Catlike, he went past the rear-house, listened, looked into every place in the stubby blind thoroughfare where a person might hide, and satisfied himself that no soul was around to observe him.

Then he went more openly to the rear-house.

The locks on the door of Johnny the Dip were going to take time, so Dick went past them and to Old Mitch’s door. The lock there was so easy that he opened it almost as readily as if he had used a key.

He stepped into blackness and shut the door behind him, holding the lapel of his coat over mouth and nostrils as he did so.

His coat lapels, as always, were saturated with an odorless chemical of MacMurdie’s devising that absorbed, for a time, the lethal effects of almost every gas known.

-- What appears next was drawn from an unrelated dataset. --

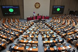 15일 국회에서 열린 본회의에서 항공·철도 사고조사에 관한 법률 일부개정법률안이 재석 213명 중 찬성 212명, 기권 1명으로 통과되고 있다.

Whether the hideous, slow-motion death was in the very air or not, even The Avenger didn’t know. But he took no chances. He breathed through the protective lapel.

His flash bit into the darkness of the room.

The first thing Dick looked for was a possible old doorway, boarded over or nailed, perhaps, that might lead into the room next door. In that way, he could avoid time spent on those massive locks of Johnny the Dip.

But there was no such opening; so he went on to the rest of the room and found exactly nothing to rouse any investigator’s interest.

There was nothing in the old stove but a few ashes, still warm, where Old Mitch had cooked his dinner with the wood he gleaned from the streets. There was nothing in a cracked and drafty closet but some clothes too near the ragbag properly to be called clothes.

The battered table had a drawer, and in this were some tin knives, forks, spoons and a can opener.